2 . The method according to claim 1 , wherein the antibody or antigen binding fragment is capable of inhibiting the binding of IL-1β to its receptor and has a K D for binding to IL-1β of about 50 pM or less.
3 . The method according to claim 1 , wherein the antibody or antigen binding fragment thereof is a Fab, Fab′, F(ab′) 2 , Fv, or a single chain Fv.
4 . The method according to claim 1 , wherein the antibody or antigen binding fragment thereof is a human or humanized monoclonal antibody.
5 . The method according to claim 1 , wherein the antibody or antigen binding fragment is canakinumab.
6 . The method according to claim 1 , wherein the antibody or antigen binding fragment thereof is administered to the patient at a dose of about 50 mg or about 80 mg or about 150 mg or about 300 mg.
7 . The method according to claim 1 , wherein the antibody or antigen binding fragment thereof is administered to the patient intravenously.
8 . The method according to claim 1 , wherein the antibody or antigen binding fragment thereof is administered to the patient subcutaneously.
9 . The method according to claim 1 , wherein the antibody or antigen binding fragment is administered every 2 weeks, twice a month, monthly, every 6 weeks, every 2 months, every 3 months, every 4 months, every 5 months, or every 6 months from the first administration.
10 . The method according to claim 1 , wherein the antibody or antigen binding fragment thereof is comprised in a lyophilized pharmaceutical formulation.
11 . The method according to claim 1 , wherein the antibody or antigen binding fragment thereof is comprised in a liquid pharmaceutical formulation.
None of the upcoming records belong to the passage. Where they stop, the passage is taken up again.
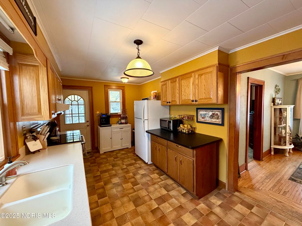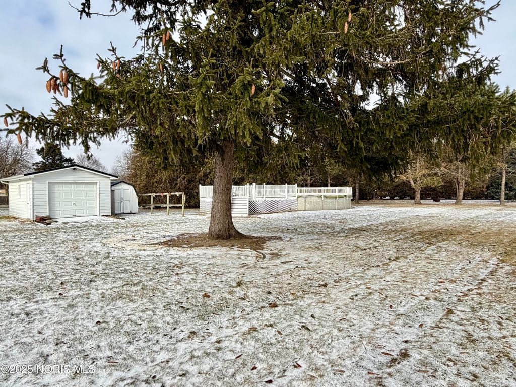 This beautifully maintained 4 bedroom, 2 bath home offers the perfect blend of classic charm and modern updates, all in a convenient location near the school. Situated on nearly an acre of land, this property provides a rare space and privacy in town. The huge backyard is designed for fun and relaxation, complete with an above-ground pool and a deck - perfect for summer entertaining. A firepit tucked among mature trees creates a peaceful setting ideal for evenings with family and friends. Inside, you'll find hardwood floors, abundant natural light, and character throughout. The spacious kitchen features beautiful wood cabinets. With improvements throughout, including a brand-new metal roof in 2024, this house is truly a must-see!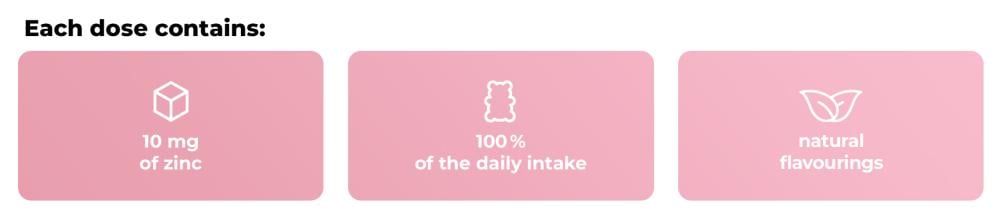 Zinc Yummies are delicious strawberry flavoured jelly gummies. With just one piece, you can support your immune system, as well as the health of your bones or eyesight. Zinc also helps maintain healthy hair, nails and skin. Enjoy its health benefits in this unique gummy form.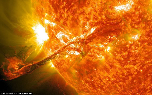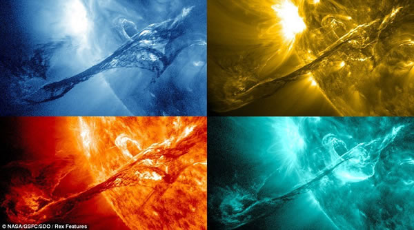 这些照片是由美国宇航局太阳动力学天文台(SDO)拍摄的,图像显示鞭状太阳暗条在太阳表面形成一个较大的弧状结构。该日冕物质喷发(CME)的速度达到每秒900英里。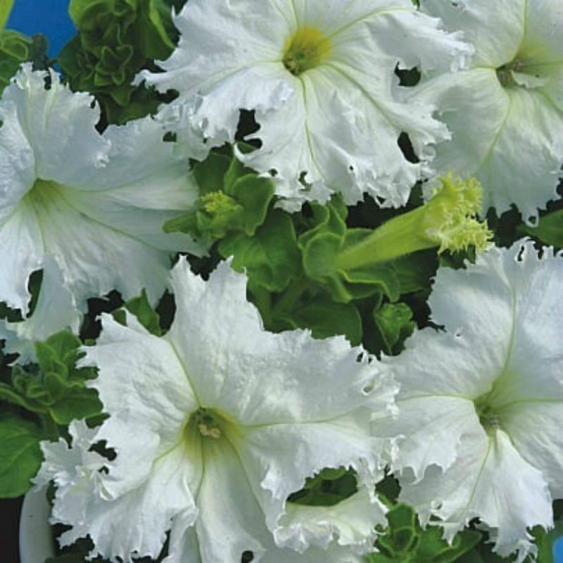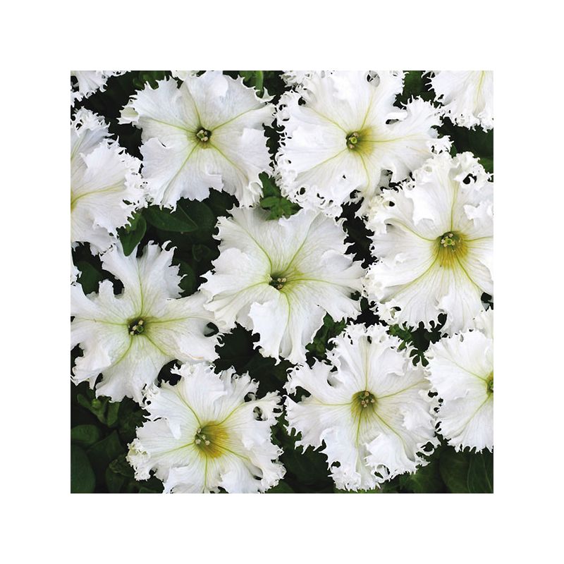 Великі квітки білого забарвлення з хвилястими і бахромчастими краями діаметром 8 см. Кущ акуратний висотою 35 см. Сорт особливо підходить для посадок в горщики, балконні ящики і на клумбі.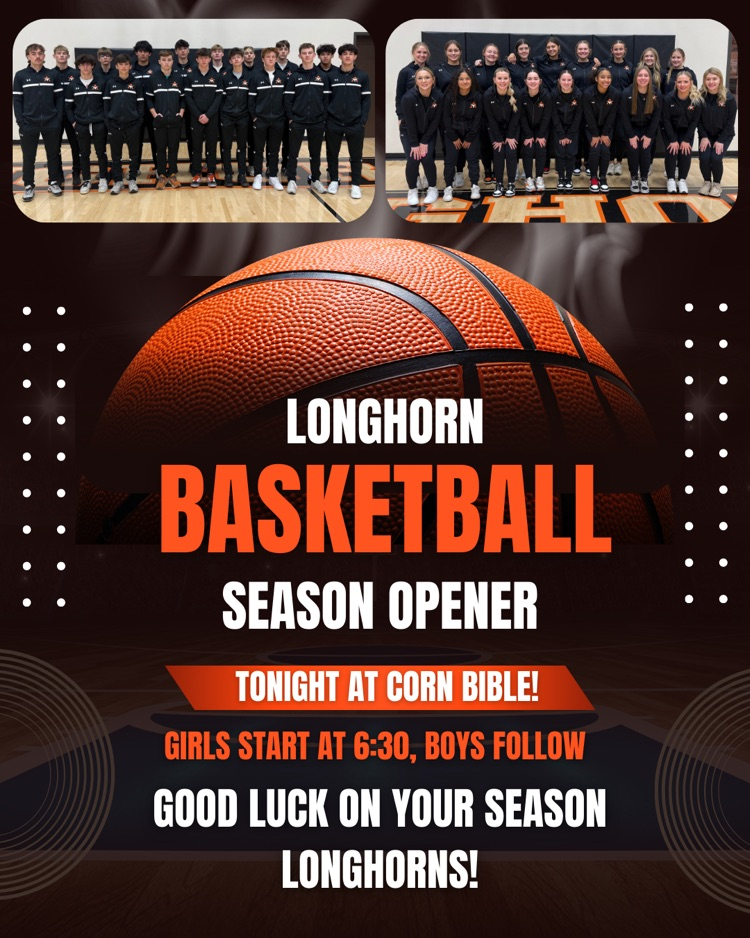Longhorn Basketball is BACK! Season opener TONIGHT at Corn Bible! Good luck on your season this year Longhorns!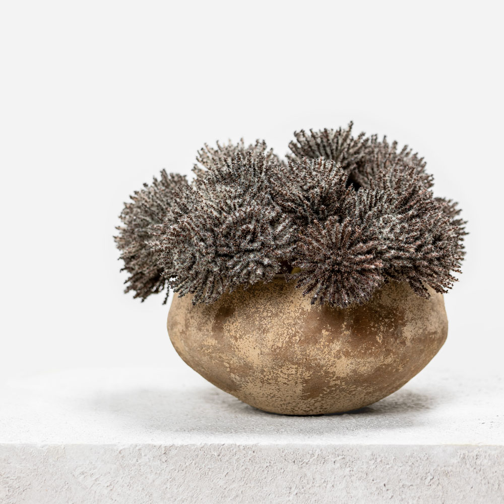 Ένα ιδιαίτερο διακοσμητικό λουλούδι με αφρώδη υφή, σε καφέ απόχρωση με ρεαλιστική λεπτομέρεια. Το AROMA BLOSSOMS των 22cm χαρίζει μία οργανική και φυσική αίσθηση στη διακόσμηση, ιδανικό για συνθέσεις με boho ή rustic χαρακτήρα, αλλά και για minimal στυλ που αναζητά υφές.

12 . The method according to claim 1 , wherein the formulation is disposed within a pre-filled syringe, vial, or autoinjector.
13 . The method according to claim 1 , wherein the antibody or antigen binding fragment thereof is comprised in a dosage unit form suitable for intravenous administration.
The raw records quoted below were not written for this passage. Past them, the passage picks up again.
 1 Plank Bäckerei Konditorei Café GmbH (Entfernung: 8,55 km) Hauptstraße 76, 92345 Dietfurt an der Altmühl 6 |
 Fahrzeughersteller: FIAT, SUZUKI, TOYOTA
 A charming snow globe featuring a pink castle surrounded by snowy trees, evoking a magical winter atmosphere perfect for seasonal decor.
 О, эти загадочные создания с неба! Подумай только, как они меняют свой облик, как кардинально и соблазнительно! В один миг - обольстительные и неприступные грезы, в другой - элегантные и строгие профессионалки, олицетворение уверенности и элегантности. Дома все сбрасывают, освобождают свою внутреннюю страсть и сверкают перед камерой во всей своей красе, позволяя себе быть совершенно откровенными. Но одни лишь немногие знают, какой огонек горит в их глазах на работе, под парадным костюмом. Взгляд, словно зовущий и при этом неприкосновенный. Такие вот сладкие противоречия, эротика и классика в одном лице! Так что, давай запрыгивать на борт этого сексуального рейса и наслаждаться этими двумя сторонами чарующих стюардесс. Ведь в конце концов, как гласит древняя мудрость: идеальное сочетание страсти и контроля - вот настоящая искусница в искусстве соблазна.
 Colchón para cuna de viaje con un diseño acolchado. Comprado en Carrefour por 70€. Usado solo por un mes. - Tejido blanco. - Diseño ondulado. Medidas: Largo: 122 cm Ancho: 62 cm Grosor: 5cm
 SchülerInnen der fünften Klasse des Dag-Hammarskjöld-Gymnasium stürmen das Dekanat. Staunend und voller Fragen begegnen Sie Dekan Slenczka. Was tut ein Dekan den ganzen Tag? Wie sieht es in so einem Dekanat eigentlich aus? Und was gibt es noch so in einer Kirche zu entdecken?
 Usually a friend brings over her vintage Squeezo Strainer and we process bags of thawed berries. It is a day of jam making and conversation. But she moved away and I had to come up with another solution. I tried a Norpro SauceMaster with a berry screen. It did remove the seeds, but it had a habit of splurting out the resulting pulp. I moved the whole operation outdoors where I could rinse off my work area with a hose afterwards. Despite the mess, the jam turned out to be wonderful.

14 . The method according to claim 1 , wherein said patient is concomitantly receiving a beta-adrenergic blocking drug, a statin, an angiotensin-converting enzyme (ACE) inhibitor or an angiotensin II receptor blocker.
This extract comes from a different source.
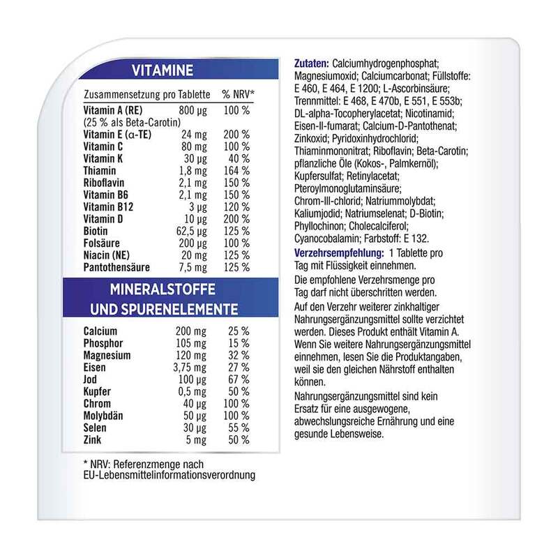 Calciumhydrogenphosphat; Magnesiumoxid; Calciumcarbonat; Füllstoffe: E 460, E 464, E 1200; L-Ascorbinsäure; Trennmittel: E 468, E 470b, E 551, E 553b; DL-alpha-Tocopherylacetat; Nicotinamid; Eisen-II-fumarat; Calcium-D-Pantothenat; Zinkoxid; Pyridoxinhydrochlorid; Thiaminmononitrat; Riboflavin; Beta-Carotin; pflanzliche Öle (Kokos-, Palmkernöl); Kupfersulfat; Retinylacetat; Pteroylmonoglutaminsäure; Chrom-III-chlorid; Natriummolybdat; Kaliumjodid; Natriumselenat; D-Biotin; Phyllochinon; Cholecalciferol; Cyanocobalamin; Farbstoff: E 132.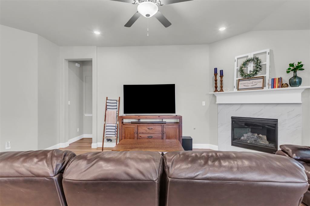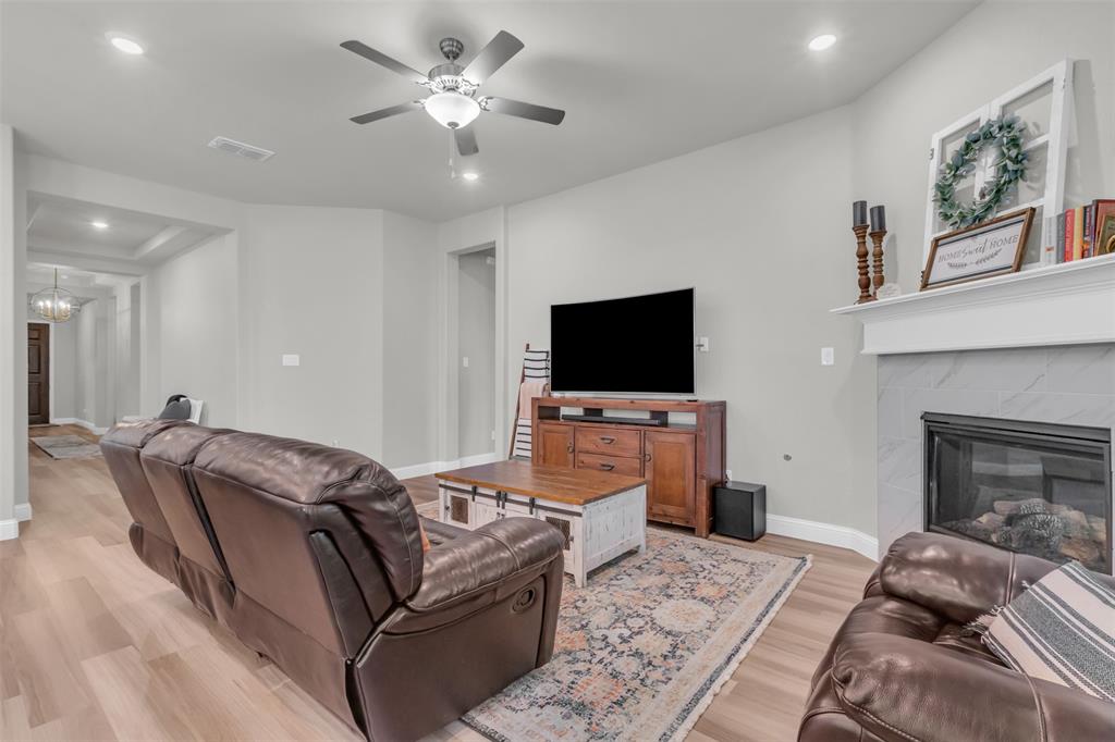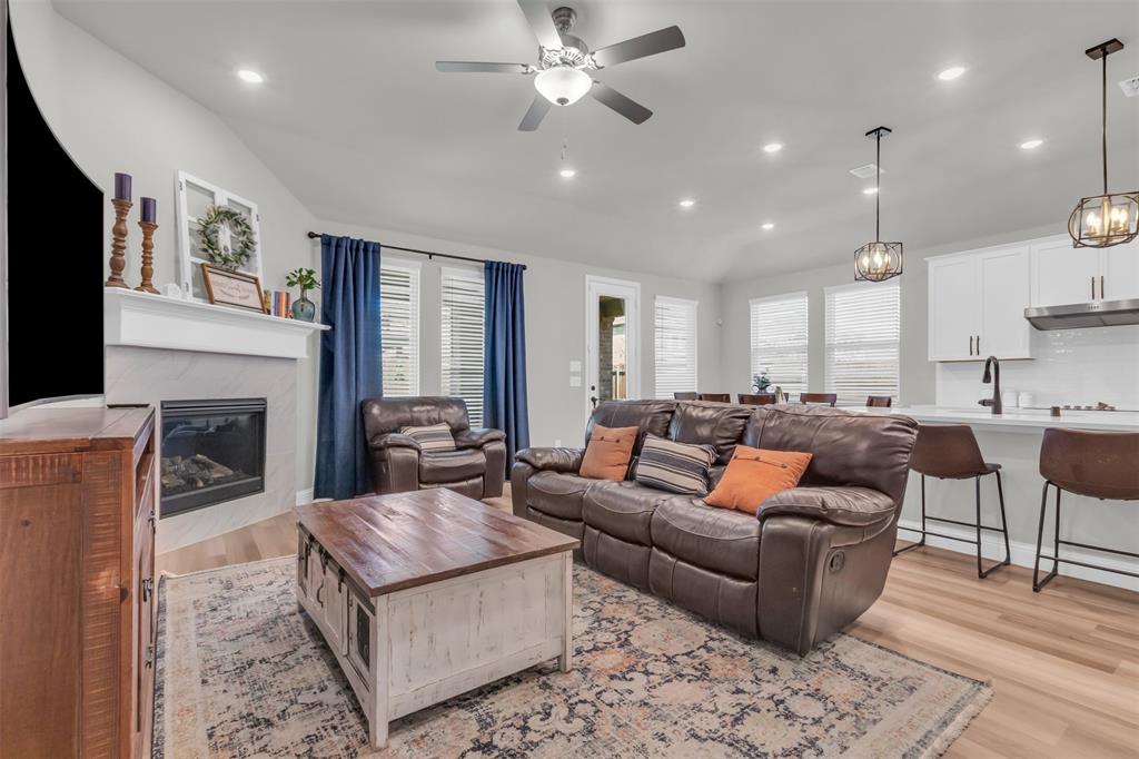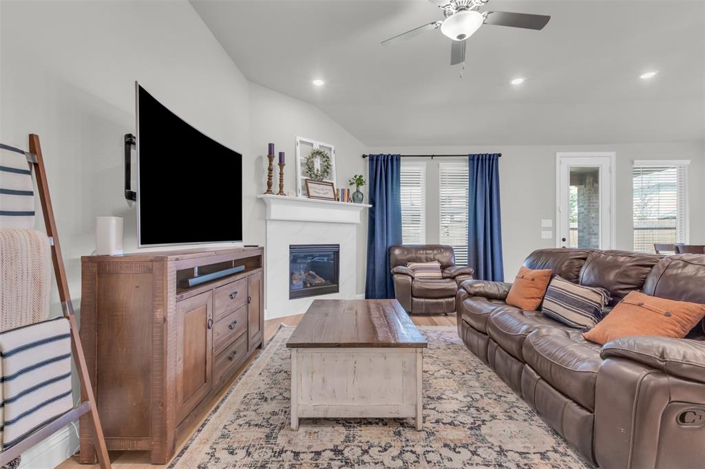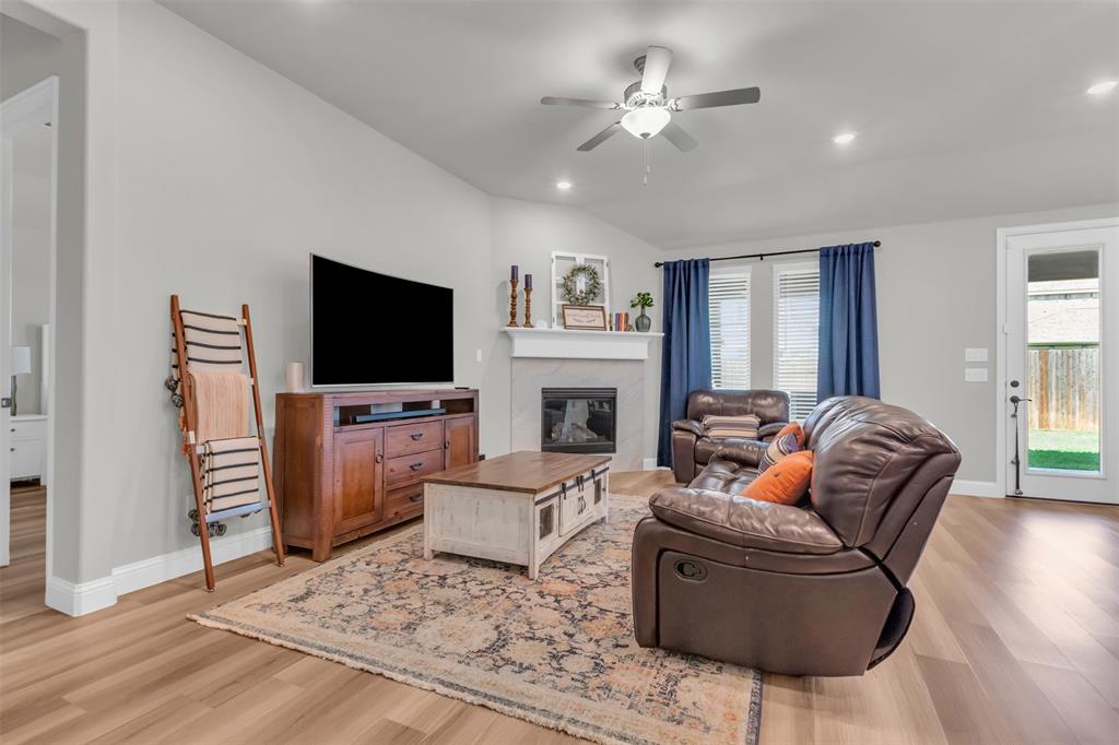 Welcome to your dream home in The Enclave at Oak Grove, Little Elm, built in 2021 and offering 2,311 sq ft of modern living space. Situated on an oversized corner lot, this 3-bedroom, 2-bathroom residence features a grand, high vaulted ceiling that creates an open and airy atmosphere. The open floor plan naturally leads you through the main living areas, including a dedicated study perfect for a home office, a formal dining area, and a cozy living room centered around a fireplace, all of which are designed to feel welcoming. The generously sized kitchen is a chef's delight, and the large laundry room provides ample space for household tasks. The energy-efficient home is designed for seamless indoor-outdoor living, featuring a covered porch that offers a perfect spot for relaxation. Located in a prime area, you'll be just moments away from local schools, a variety of dining options, and entertainment venues. This home is a must-see for anyone seeking style, comfort, and convenience.

15 . The method according to claim 1 , wherein the subject is exhibiting an ankle-brachial index between 0.5 and 0.85 in at least one leg before treatment.
16 . The method according to claim 1 , wherein the subject has improved vascular structure and function after 3 months of treatment.
17 . The method according to claim 1 , wherein reduced plaque burden in the peripheral artery walls of said subject is observed after at least 3 months of treatment.
18 . The method according to claim 1 , wherein a reduced plaque burden compared to before treatment in said subject is determined in the superficial femoral artery after at least 3 months of treatment.
19 . The method according to claim 1 , wherein a reduced plaque burden compared to before treatment in said subject is determined in the superficial femoral artery after at least 12 months of treatment.
20 . The method according to claim 5 , wherein canakinumab is administered in a liquid formulation comprising 10-200 mg/ml canakinumab, mannitol, histidine and polysorbate 80, wherein the pH of the formulation is 6.1-6.9.Cited by (0)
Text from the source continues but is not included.